Teachta Dála
- In office February 1973 – June 1981
- Constituency: Louth

Senator
- In office 14 December 1961 – 28 February 1973
- Constituency: Labour Panel

Personal details
- Born: 1 July 1905 County Louth, Ireland
- Died: 24 November 1999 (aged 94) County Louth, Ireland
- Party: Fianna Fáil

= Joseph Farrell (politician) =

Irish politician (1905–1999)

Joseph Farrell (1 July 1905 – 24 November 1999) was an Irish Fianna Fáil politician. He was elected to Seanad Éireann in 1961 on the Labour Panel and was re-elected to the Seanad in 1965 and 1969.

As a young man he was a member of the IRA and participated in the Irish War of Independence and the Irish Civil War on the Republican side. During this time he formed a close friendship with Frank Aiken who headed the Fianna Fáil organisation in Louth and became one of the party's Councillors on Dundalk Urban District Council and on Louth County Council. He served as Cathaoirleach of Dundalk UDC on a number of occasions and was also twice President of the Association of Municipalities of Ireland (AMAI).

After Charles Haughey's selection as a candidate for the 1973 general election, Aiken informed Jack Lynch that he would publicly renounce his resignation as a candidate were he selected to run. Despite entreaties from Lynch and President Éamon de Valera, Aiken refused to do so but following pleas from Farrell at the request of Lynch on the night of the selection convention in the Town Hall in Dundalk, Aiken publicly announced his retirement from politics on doctor's orders and endorsed Farrell's candidacy to succeed him. He never again attended any Fianna Fáil function thereafter thus ending speculation that he would attempt to succeed de Valera as president.

Farrell was elected to Dáil Éireann as a Fianna Fáil Teachta Dála (TD) for the Louth constituency at the 1973 general election and was re-elected at the 1977 general election. He did not contest the 1981 general election.

In fact at a Fianna Fáil party selection convention in Dundalk in 1981 he was de-selected by the then Constituency Delegate Cllr Thomas Bellew. Farrell remained a member of Louth County Council and retained his seat in 1985 by which time Bellew was then an Independent member of the Council. He retired from politics in 1991.

Farrell had always been an opponent of Charles J. Haughey throughout his time as a Fianna Fáil party member even while as a Party Vice-President during the 1980s. His wife, Margaret known as (Baby) pre-deceased him. The couple had no children.

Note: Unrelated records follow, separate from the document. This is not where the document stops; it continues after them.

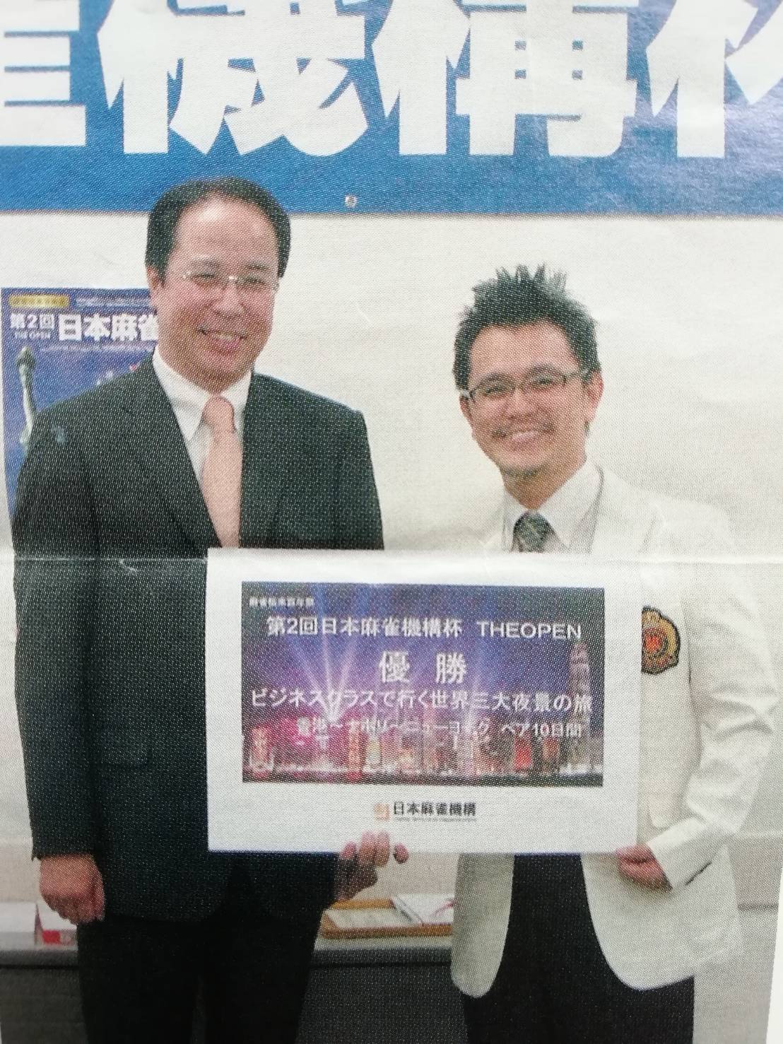 プレイヤーとしては日本プロ麻雀協会所属プロ(プロ名 日向杏介)として活動し、一度だけ日本一になったことがあります。…一度だけ(笑)(第2回麻雀機構杯)
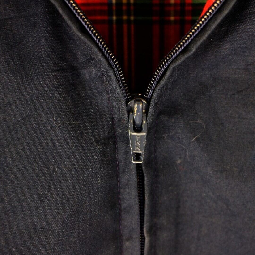 USA製のヴィンテージアイテムで、シンプルなネイビーカラーに裏地のタータンチェックが映えるクラシックな一着です。
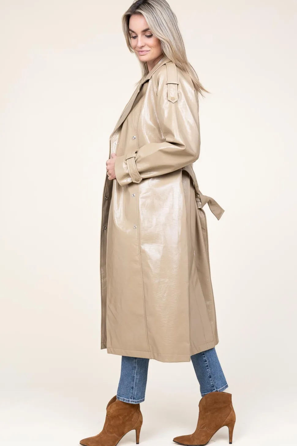 A True Essentiallacquer Trenchcoatlapel Collarlong Sleeves With Cuffstwo Slanted Pocketscloses With Buttonsbow Belt In W…
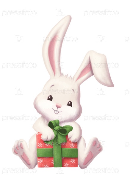 Кролик с подарком рисунок

His niece, Mairead Farrell, was killed by the SAS in Gibraltar in 1988 and was the subject of the documentary "Death on the Rock."

Dáil: Election; Deputy (Party); Deputy (Party); Deputy (Party); Deputy (Party); Deputy (Party)
4th: 1923; Frank Aiken (Rep); Peter Hughes (CnaG); James Murphy (CnaG); 3 seats until 1977
5th: 1927 (Jun); Frank Aiken (FF); James Coburn (NL)
6th: 1927 (Sep)
7th: 1932; James Coburn (Ind.)
8th: 1933
9th: 1937; James Coburn (FG); Laurence Walsh (FF)
10th: 1938
11th: 1943; Roddy Connolly (Lab)
12th: 1944; Laurence Walsh (FF)
13th: 1948; Roddy Connolly (Lab)
14th: 1951; Laurence Walsh (FF)
1954 by-election: George Coburn (FG)
15th: 1954; Paddy Donegan (FG)
16th: 1957; Pádraig Faulkner (FF)
17th: 1961; Paddy Donegan (FG)
18th: 1965
19th: 1969
20th: 1973; Joseph Farrell (FF)
21st: 1977; Eddie Filgate (FF); 4 seats 1977–2011
22nd: 1981; Paddy Agnew (AHB); Bernard Markey (FG)
23rd: 1982 (Feb); Thomas Bellew (FF)
24th: 1982 (Nov); Michael Bell (Lab); Brendan McGahon (FG); Séamus Kirk (FF)
25th: 1987; Dermot Ahern (FF)
26th: 1989
27th: 1992
28th: 1997
29th: 2002; Arthur Morgan (SF); Fergus O'Dowd (FG)
30th: 2007
31st: 2011; Gerry Adams (SF); Ged Nash (Lab); Peter Fitzpatrick (FG)
32nd: 2016; Declan Breathnach (FF); Imelda Munster (SF)
33rd: 2020; Ruairí Ó Murchú (SF); Ged Nash (Lab); Peter Fitzpatrick (Ind.)
34th: 2024; Paula Butterly (FG); Joanna Byrne (SF); Erin McGreehan (FF)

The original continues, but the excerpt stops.